» **Your goal**
Filter the entries below, keeping only lines with the word "that".

» **Information**
——————————

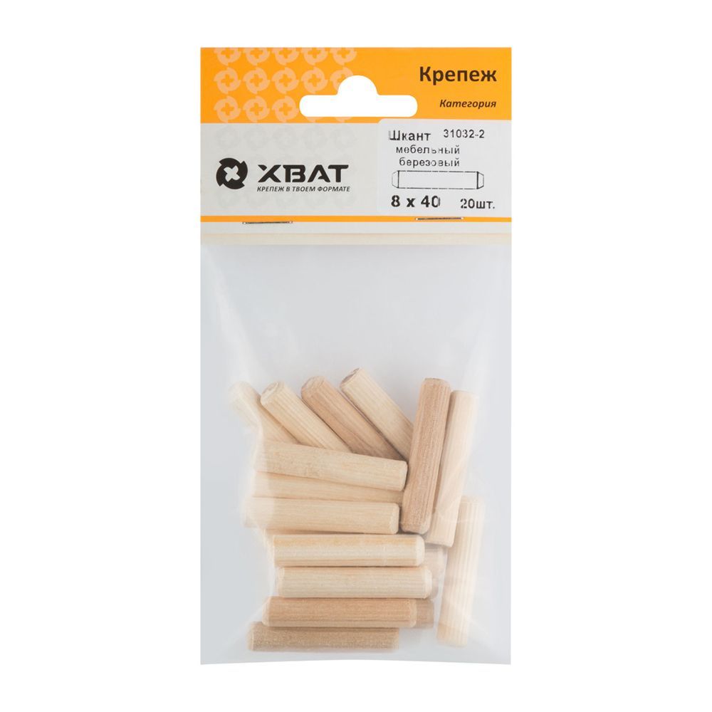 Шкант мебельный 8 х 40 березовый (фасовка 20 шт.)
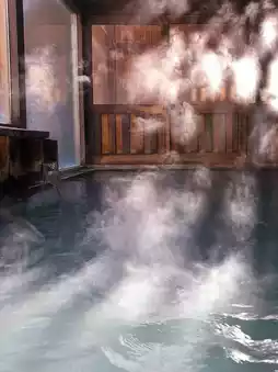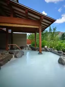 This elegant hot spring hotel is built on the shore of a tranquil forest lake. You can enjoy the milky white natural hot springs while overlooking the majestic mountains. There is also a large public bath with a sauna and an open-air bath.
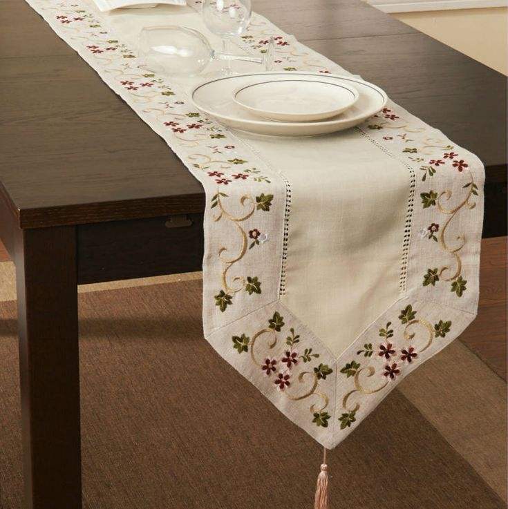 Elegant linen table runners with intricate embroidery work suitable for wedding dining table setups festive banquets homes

——————————

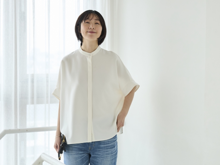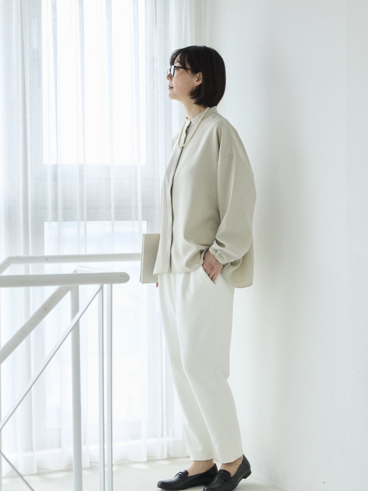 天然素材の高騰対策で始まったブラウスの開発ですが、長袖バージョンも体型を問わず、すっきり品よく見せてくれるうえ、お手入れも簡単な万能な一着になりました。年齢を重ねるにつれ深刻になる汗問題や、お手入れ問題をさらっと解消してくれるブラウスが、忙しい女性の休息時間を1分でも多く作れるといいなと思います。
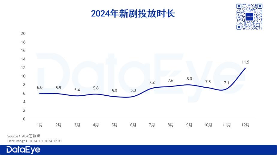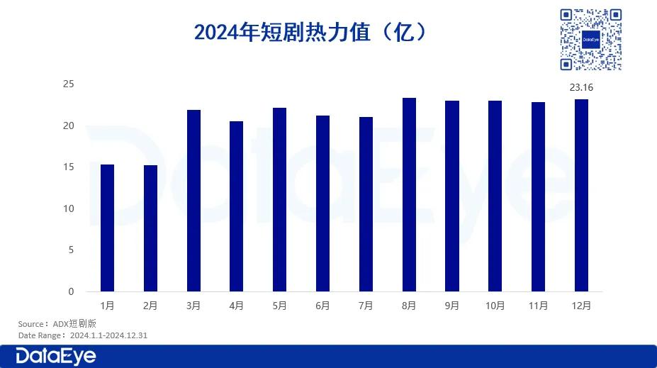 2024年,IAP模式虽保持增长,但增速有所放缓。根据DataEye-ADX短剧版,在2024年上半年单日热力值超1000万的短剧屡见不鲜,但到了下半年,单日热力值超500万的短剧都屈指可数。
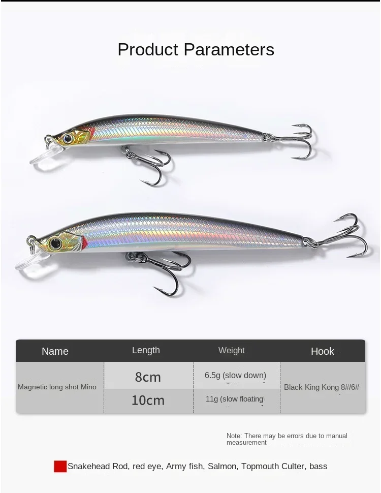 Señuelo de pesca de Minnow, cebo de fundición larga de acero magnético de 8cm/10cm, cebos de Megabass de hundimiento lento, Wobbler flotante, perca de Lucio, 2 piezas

——————————

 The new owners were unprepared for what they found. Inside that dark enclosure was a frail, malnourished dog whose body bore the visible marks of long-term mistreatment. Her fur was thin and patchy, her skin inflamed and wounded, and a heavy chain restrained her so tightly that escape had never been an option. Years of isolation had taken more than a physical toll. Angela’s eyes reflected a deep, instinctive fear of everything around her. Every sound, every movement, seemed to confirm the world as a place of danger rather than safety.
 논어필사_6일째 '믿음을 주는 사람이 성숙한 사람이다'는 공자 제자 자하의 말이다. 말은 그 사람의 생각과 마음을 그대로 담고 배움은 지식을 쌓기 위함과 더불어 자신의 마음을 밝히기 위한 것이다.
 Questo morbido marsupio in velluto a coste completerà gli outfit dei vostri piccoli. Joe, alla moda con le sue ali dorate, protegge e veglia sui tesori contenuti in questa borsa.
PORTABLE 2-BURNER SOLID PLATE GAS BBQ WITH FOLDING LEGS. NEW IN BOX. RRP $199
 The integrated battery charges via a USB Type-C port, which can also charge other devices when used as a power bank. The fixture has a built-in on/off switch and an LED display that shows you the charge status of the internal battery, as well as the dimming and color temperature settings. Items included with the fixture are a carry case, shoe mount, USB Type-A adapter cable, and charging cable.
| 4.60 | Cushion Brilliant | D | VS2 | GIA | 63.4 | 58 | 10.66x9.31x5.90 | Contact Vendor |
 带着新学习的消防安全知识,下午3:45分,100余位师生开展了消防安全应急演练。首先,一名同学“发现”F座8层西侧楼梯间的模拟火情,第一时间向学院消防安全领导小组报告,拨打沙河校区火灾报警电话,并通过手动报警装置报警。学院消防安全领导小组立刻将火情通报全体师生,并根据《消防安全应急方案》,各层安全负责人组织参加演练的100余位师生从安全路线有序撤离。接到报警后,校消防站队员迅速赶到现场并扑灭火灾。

——————————

» **Exercise output**
 The new owners were unprepared for what they found. Inside that dark enclosure was a frail, malnourished dog whose body bore the visible marks of long-term mistreatment. Her fur was thin and patchy, her skin inflamed and wounded, and a heavy chain restrained her so tightly that escape had never been an option. Years of isolation had taken more than a physical toll. Angela’s eyes reflected a deep, instinctive fear of everything around her. Every sound, every movement, seemed to confirm the world as a place of danger rather than safety.
 The integrated battery charges via a USB Type-C port, which can also charge other devices when used as a power bank. The fixture has a built-in on/off switch and an LED display that shows you the charge status of the internal battery, as well as the dimming and color temperature settings. Items included with the fixture are a carry case, shoe mount, USB Type-A adapter cable, and charging cable.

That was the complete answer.